The appeal alleges that the MDO lacks sufficient evidence and is arbitrary, capricious, and an abuse of discretion. The plaintiffs request that the FDA's denial be overturned and that FDA enforcement be halted until the court renders a decision in their favor.
Two e-liquid makers who were appealing their MDOs were granted petitions for review by the same appeals court on January 3. The court chastised the FDA for its careless regulatory actions and ordered further reviews of the premarket tobacco applications (PMTAs) filed by Triton Distribution and Vapetasia.
FDA's Initial Rejection of Open-System Vapes in Marketing
All of the SMOK items that the FDA rejected are open-system products, which means that e-liquid is not a part of them. There are no open-system products on the short list of FDA-approved vaping items, not even gadgets, accessories, or bottled e-liquid.
The FDA has refrained from making decisions regarding PMTAs for standalone hardware up to this point, preferring to concentrate on disposables and prefilled pod and cartridge-based devices that are typically found in convenience stores and gas stations. Customers at vape shops and online prefer open-system devices.
The FDA defines "tobacco products" as nicotine-containing vape goods, but the MDO raises intriguing concerns regarding the FDA Deeming Rule, which asserts regulatory power over standalone vaping devices and their "components and parts."
CBD e-liquid and other non-nicotine products that are not subject to FDA Center for Tobacco Products regulation can also be used with open-system vaping systems.
SMOK Invests $30 Million in PMTA Submissions
"Robust harmful and potentially harmful constituent aerosol testing, in vitro toxicology testing and toxicological analysis, accelerated and 24-month storage and stability testing, and rigorous clinical pharmacokinetic studies to test the products' potential abuse liability profiles" are just a few of the more than 600,000 pages of evidence that SMOK produced during the course of completing PMTAs for the denied products, according to a press release from the company.

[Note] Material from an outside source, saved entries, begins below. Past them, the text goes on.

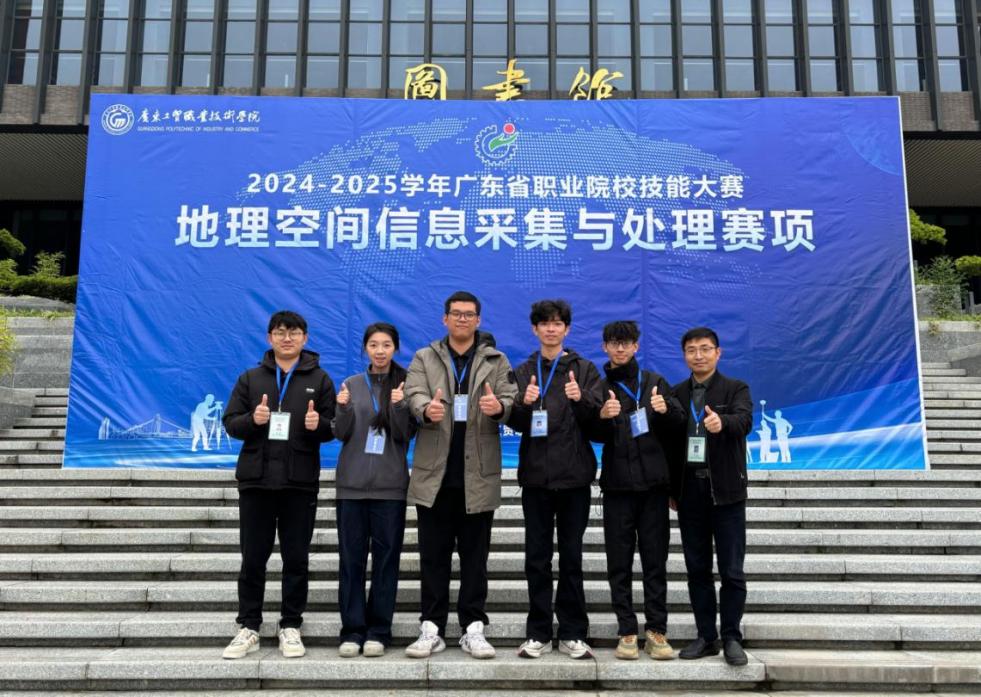 2025年3月8日至9日,2024-2025学年广东省职业院校学生专业技能大赛“地理空间信息采集与处理”赛项在我校成功举办。本届赛事吸引全省29所职业院校代表队同台竞技,我校测绘遥感信息学院23工测2班林泽楷、23地信4班张梓烨、23土管1班翁镇壬、23土管2班章铭琪4名同学,在谭金石、胡为安两位教师全程指导下,凭借扎实的专业技能、出色的团队协作能力和精益求精的职业精神,以总分第一名的优异成绩勇夺团体一等奖,充分展现了我校技术技能人才培养的硬实力。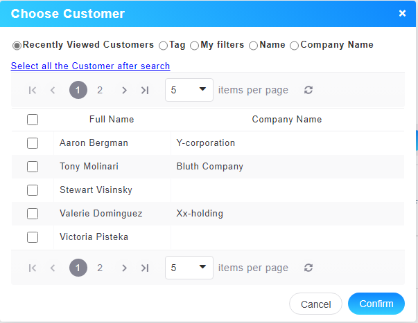 2. The system will pop up a window for selecting customers, where you can select customers based on recent browsing history, tags, my conditions, name/contact person, or company name.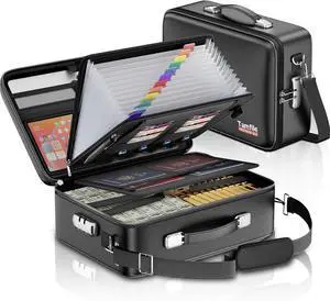 Fireproof File Organizer with Lock, Hard-Shell Case Fireproof Document Box with 13 Pocket Accordion File Folder, Portable Home Office Travel Safe Storage for Important Documents Laptop Black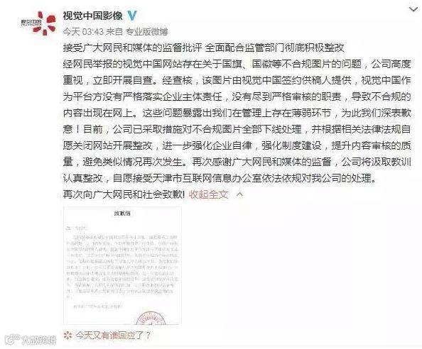4月12日凌晨,视觉中国在接受天津市委网信办约谈后,连夜发出致歉信。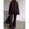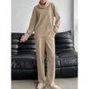 Women's Casual Two-Piece Suit, Long Sleeve, Wide-Leg Pants, Loose Turtleneck, Knitted, European and American Fashion
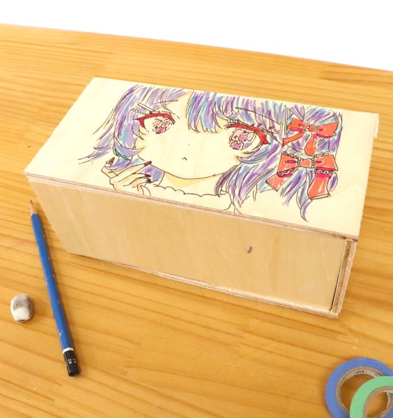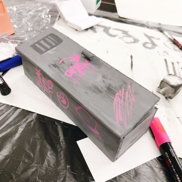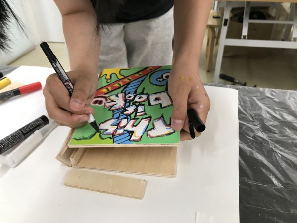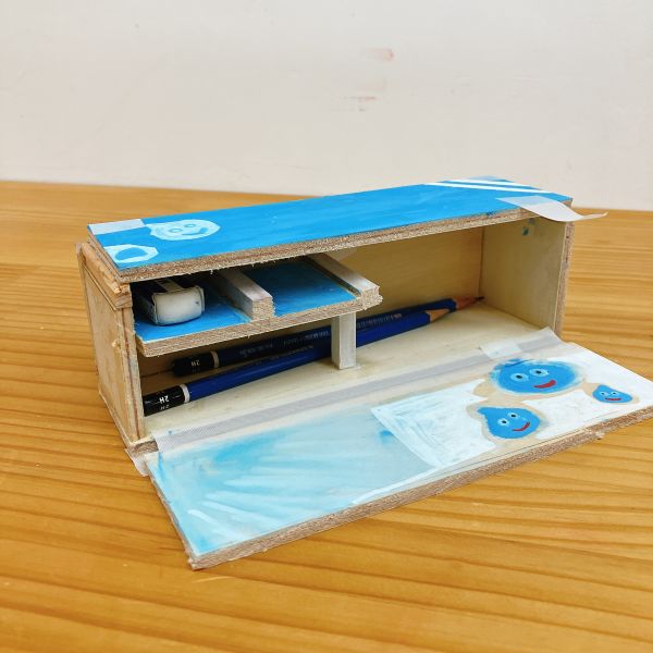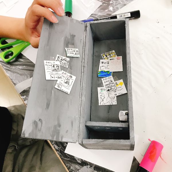 こちらは、木のペンケースが、あっという間にロッカー風に?! 「アメリカの映画っぽく」ペイントした上に、汚し風の質感を加え、ミニチュアサイズの貼り紙まで!すごい勢いで制作したようで、雰囲気がガラリと変わって驚きです。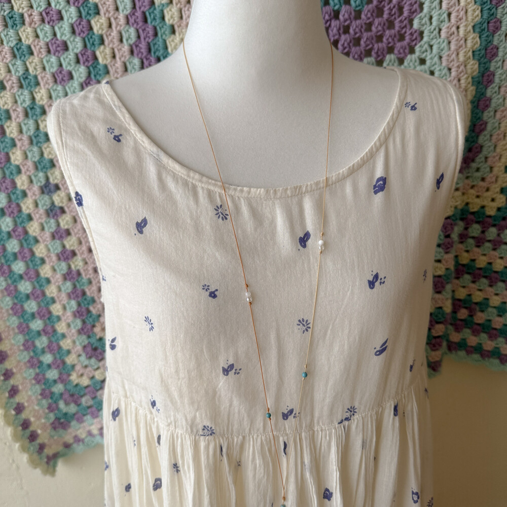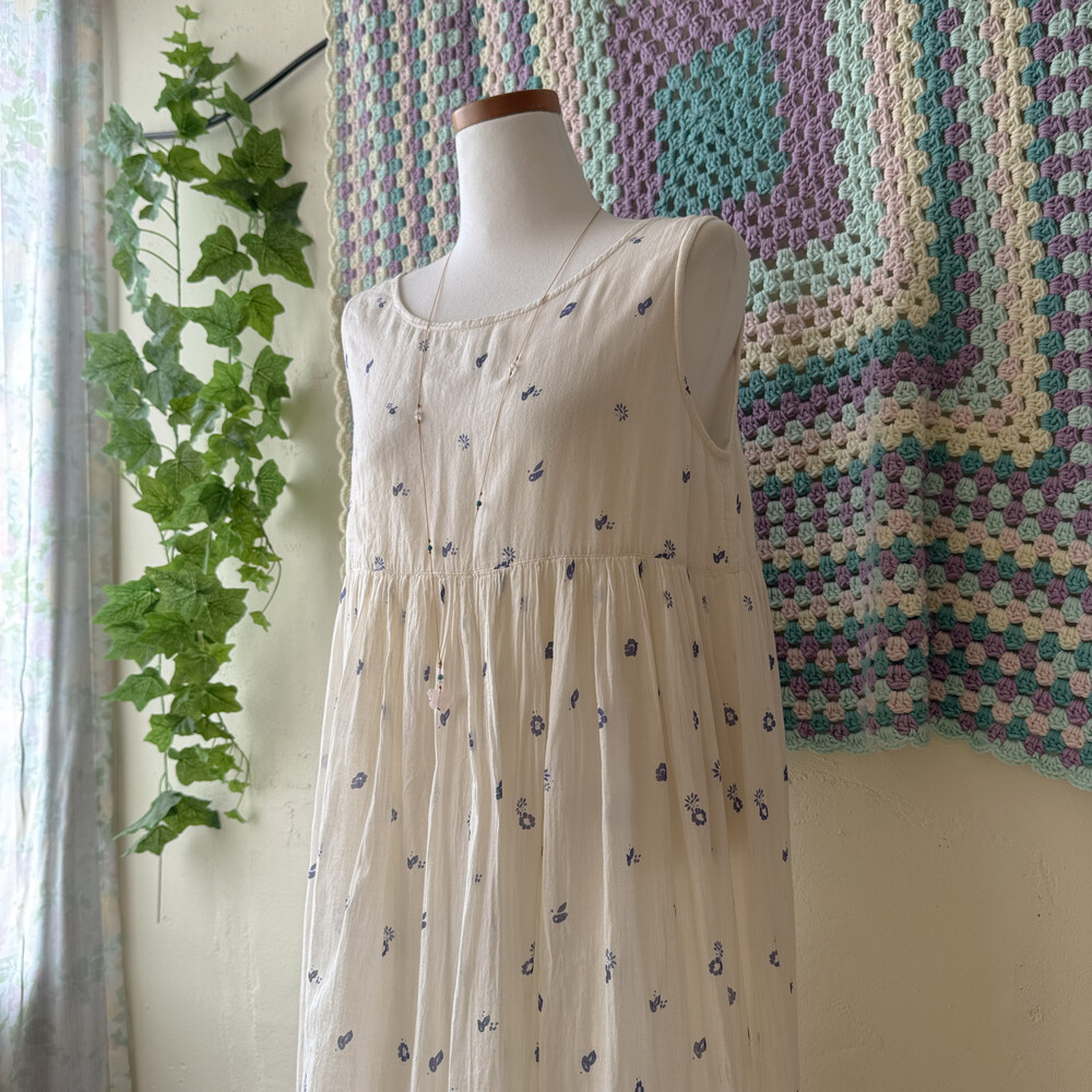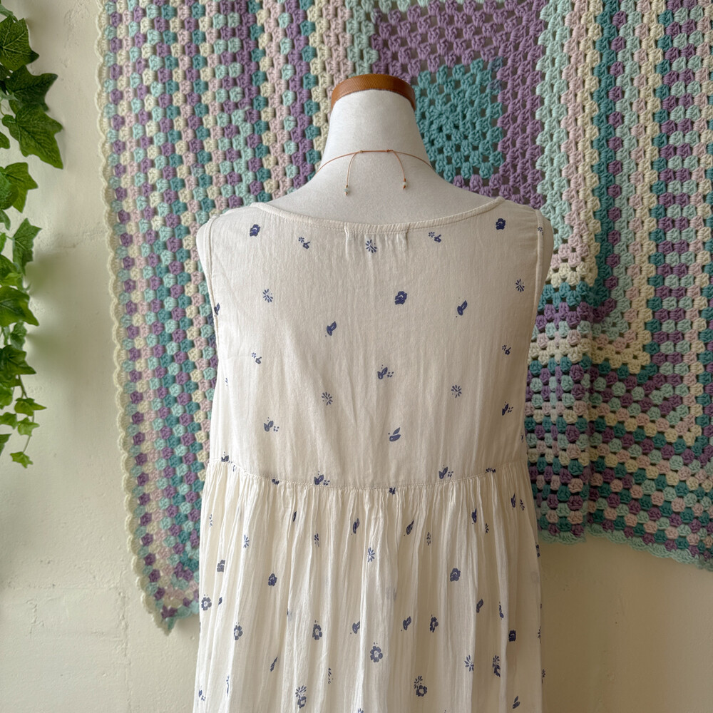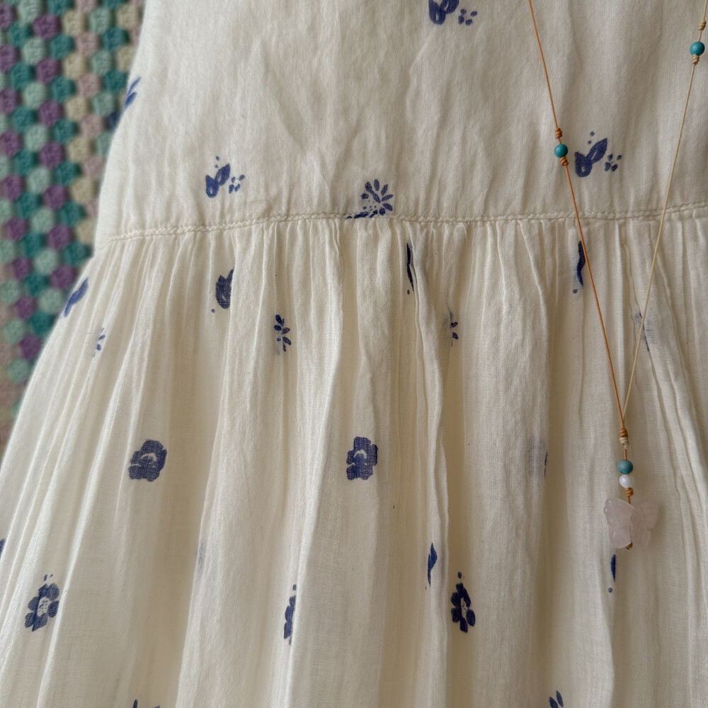 ivory base blue flower long sleeveless ops
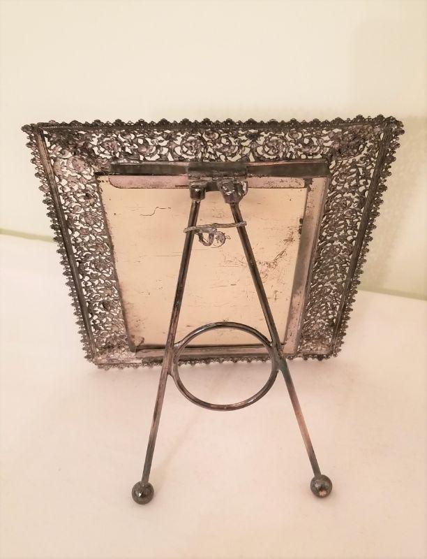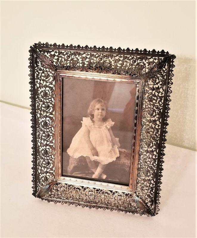 Both the frame and the photo are charming - Vintage pierced silverplate frame measures about 7" x 9". Lovely photo of a young girl - as found. Good vintage condition.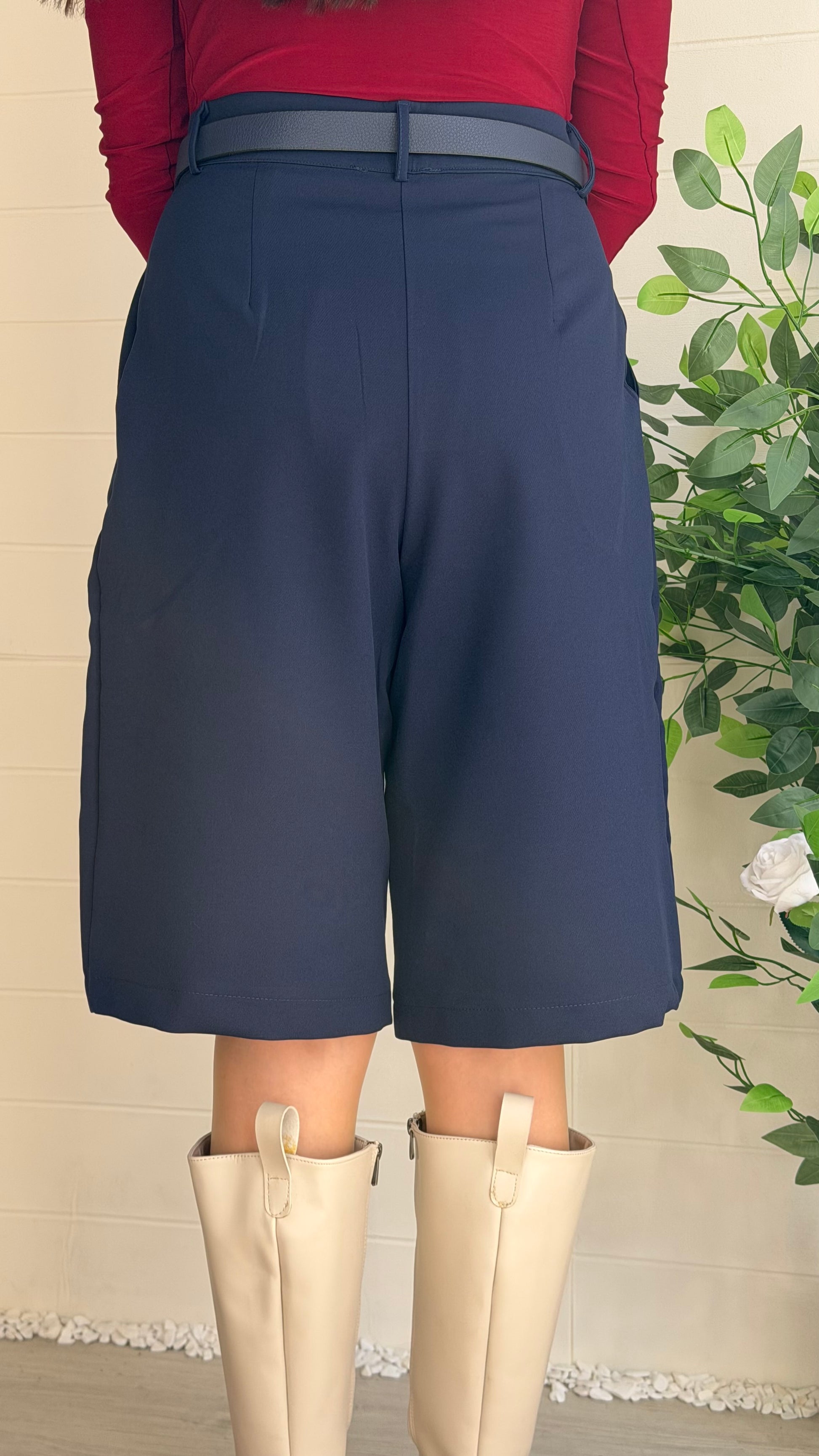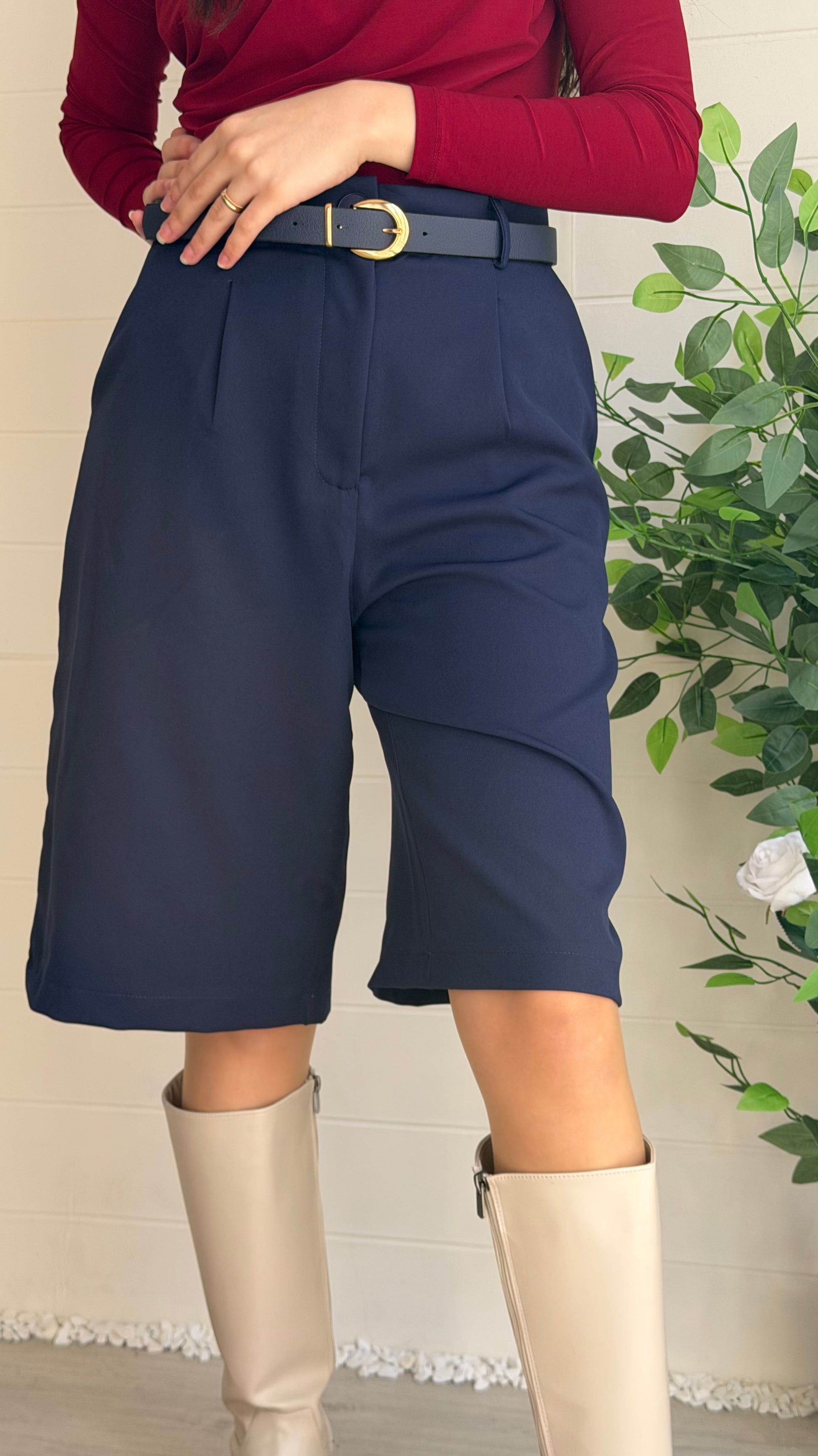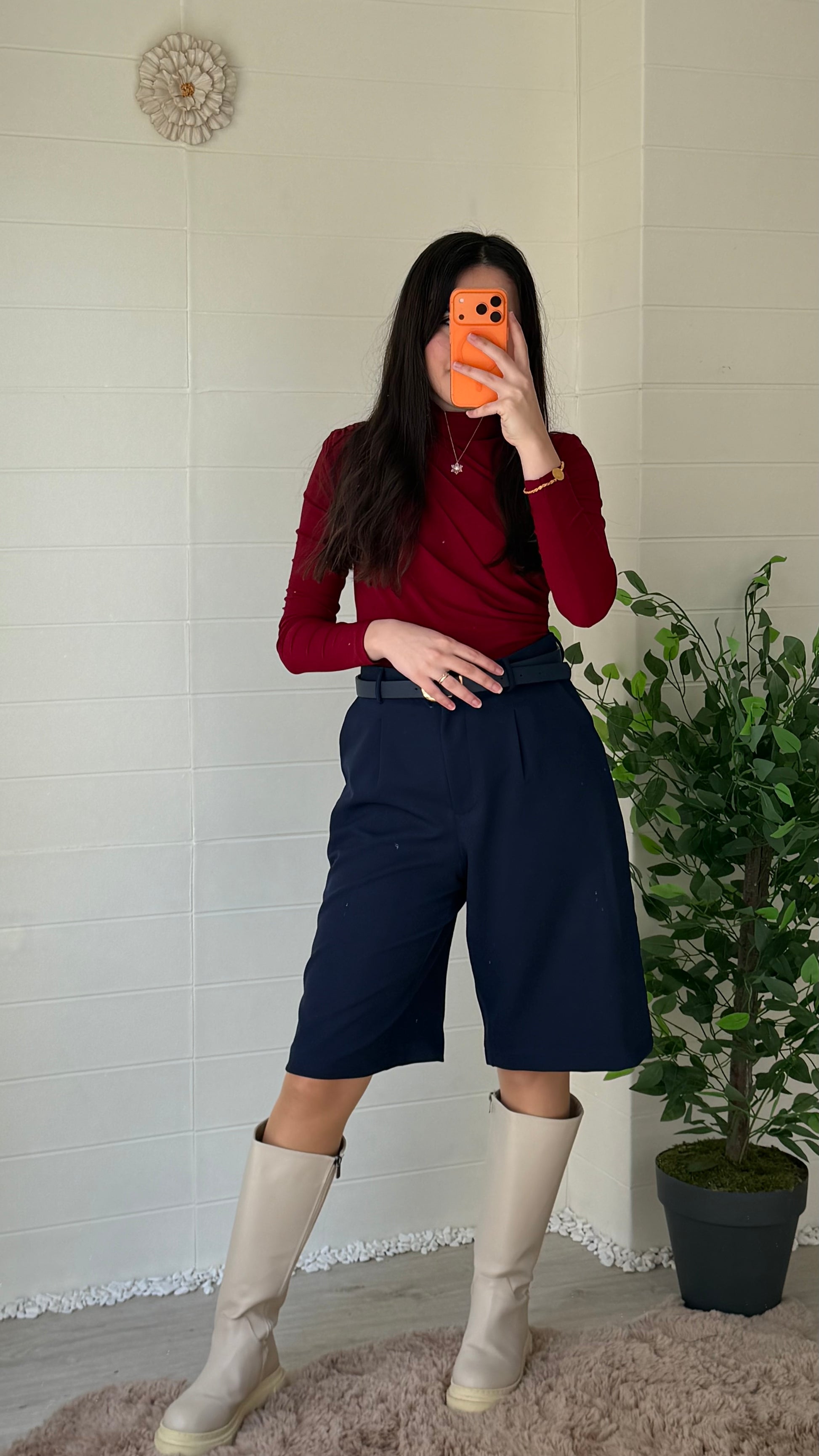 Yükselen belli, geniş paçalı bermuda tarzı şort. Akıcı ve hafif struktüre kumaşıyla günlük ve özel kombinlerde rahatlık sağlar. Etek görünümüne yaklaşan zarif ve sade bir siluet sunar.

According to Welfer Ouyang, CEO of SMOK's parent company Shenzhen IVPS Technology Co., Ltd., "We are very concerned that the FDA is cherry-picking isolated data from testing of the devices with e-liquid formulations that the products’ instruction manuals specifically warn are not compatible with these devices, and ignoring the overwhelmingly positive toxicological and safety profile of these products to justify issuing a marketing denial order on these open-system devices that are sold without any nicotine-containing e-liquid."
Additionally, SMOK noted in a news release that the FDA had made false statements regarding the use of SMOK-brand items by minors, suggesting that a much higher number of middle and high school pupils than really used SMOK.